É nessa dimensão de diálogo que se situa a presente obra, oferecendo
ao debate epistemológico e ético em psicologia reflexões sobre o lugar
que a figura do outro ocupa no desenvolvimento humano. Nesse diálogo,
o outro vai aparecendo ao mesmo tempo como figura e como fundo na
relação com o sujeito, como construtor do sujeito, ao mesmo tempo que construído por ele, nas diferentes nuances dos processos de desenvolvimento
que cada texto focaliza e pelas diferentes ênfases que os autores propõem
para o eu e para o outro nessa relação de mútua constituição.

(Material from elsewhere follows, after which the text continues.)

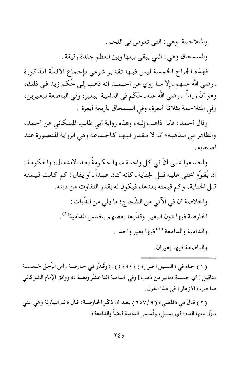 (¬1) جاء في "السيل الجرار" (4/ 449): "وقُدّر في حارصة رأس الرِّجل خمسة مثاقيل [أي خمسة دنانير من ذهب] وفي الدامية اثنا عشَر ونصف" ووافق الإمام الشوكاني صاحب "الأزهار" في هذا القول.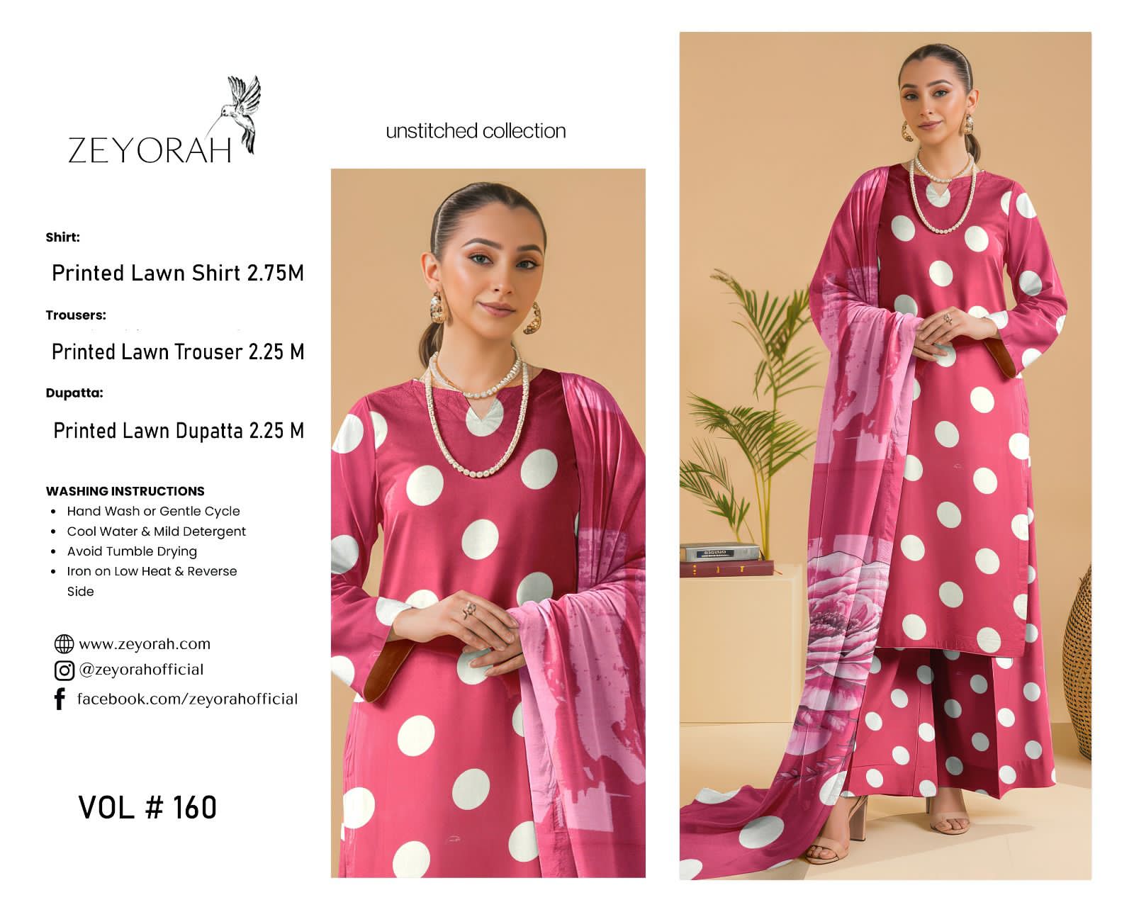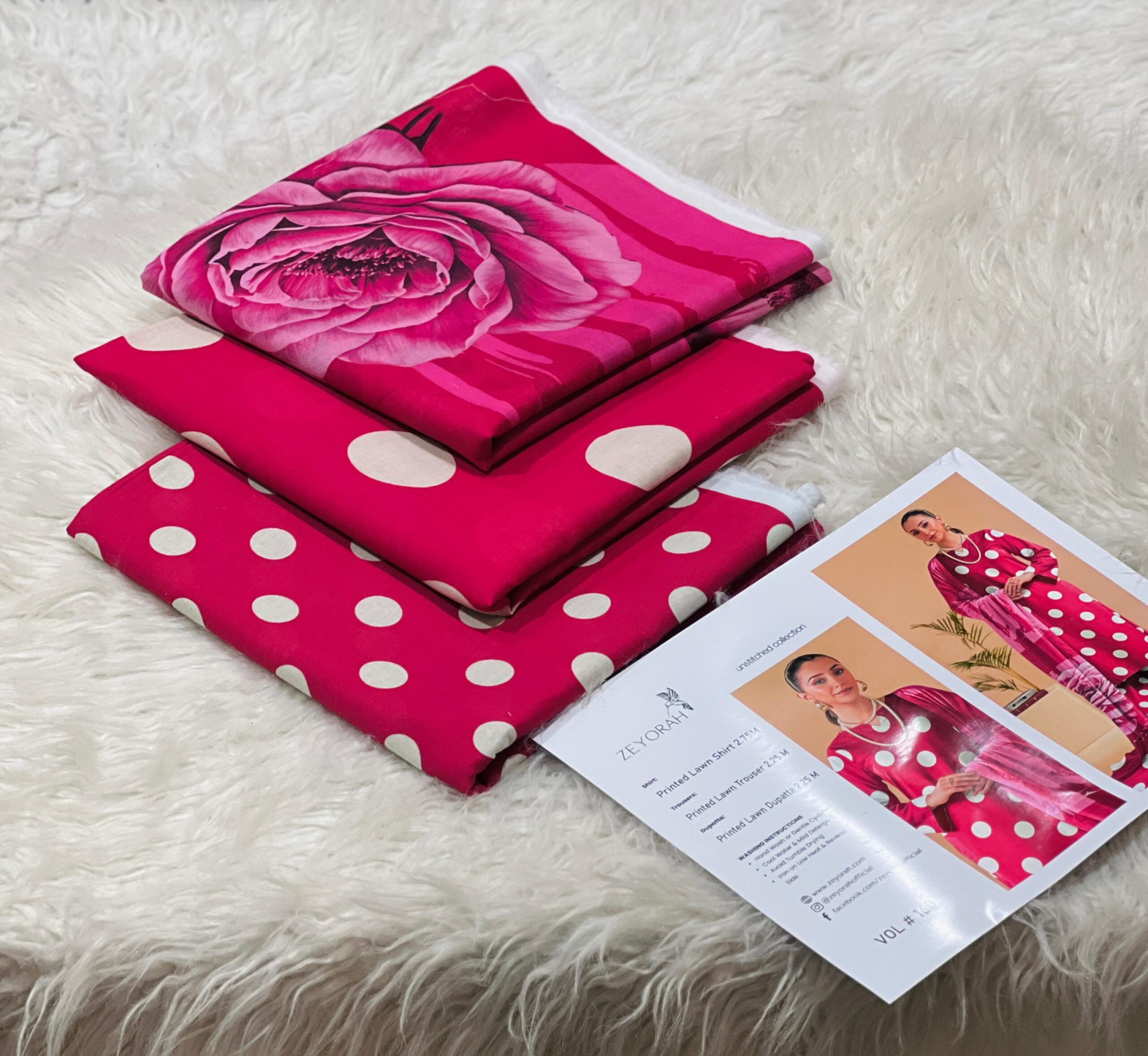 Zeyorah | Lawn 3pc | Magenta Pink Bold Polka Dot

Cada um dos textos pode ser tomado, então, como um convite
ao diálogo sobre a relação sujeito-outro no desenvolvimento humano, diálogo este iniciado pelos autores participantes desta coletânea,
a partir das perspectivas que vêm construindo como docentes, pesquisadores e profissionais, e que poderá continuar com os leitores em
algum momento e lugar.
O livro traz quatro conjuntos de textos, agrupados segundo sua
abrangência teórico-epistemológica, sua temática e suas implicações
V
O OUTRO NO DESENVOLVIMENTO HUMANO
para a reflexão sobre as práticas profissionais em psicologia. Um critério
mais amplo, entretanto, os reúne: em todos eles propõem-se o aprofundamento e a recolocação de aspectos centrais da abordagem contemporânea das relações sujeito-outro em psicologia, tomando teóricos
clássicos como interlocutores que lhes inspiram e instigam à reflexão.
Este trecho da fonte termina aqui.